> YOUR ASSIGNMENT
What is needed is a word-for-word copy of the listing below, without pictures.

> GIVEN INFORMATION
++++++

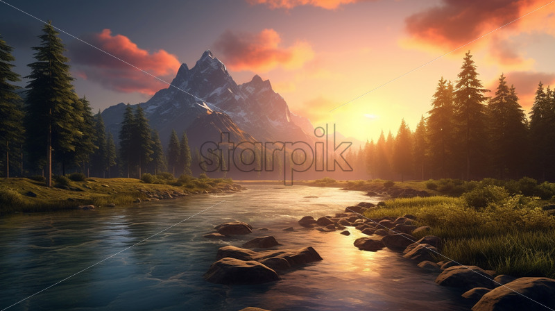 A mountain landscape with a river, mountains and forests at sunset
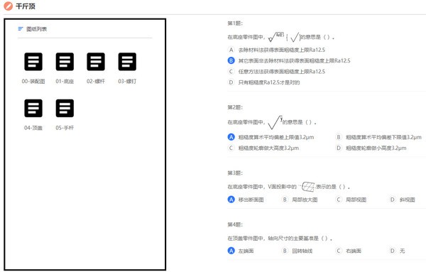“中望机械工程识图能力实训评价软件”包含了1600+道题目,400+张机械图纸,不仅题目和图纸完全配套,而且全部由国内权威机械制图专家共同参与开发、审核、校对,确保题目和图纸的系统性和规范性,并且符合职业学校机械制图教学大纲。
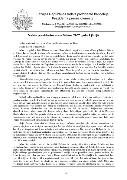 Valsts prezidentes runa Balvos 2007.gada 1.jūnijā

++++++

> WRITTEN SOLUTION
 A mountain landscape with a river, mountains and forests at sunset
“中望机械工程识图能力实训评价软件”包含了1600+道题目,400+张机械图纸,不仅题目和图纸完全配套,而且全部由国内权威机械制图专家共同参与开发、审核、校对,确保题目和图纸的系统性和规范性,并且符合职业学校机械制图教学大纲。
 Valsts prezidentes runa Balvos 2007.gada 1.jūnijā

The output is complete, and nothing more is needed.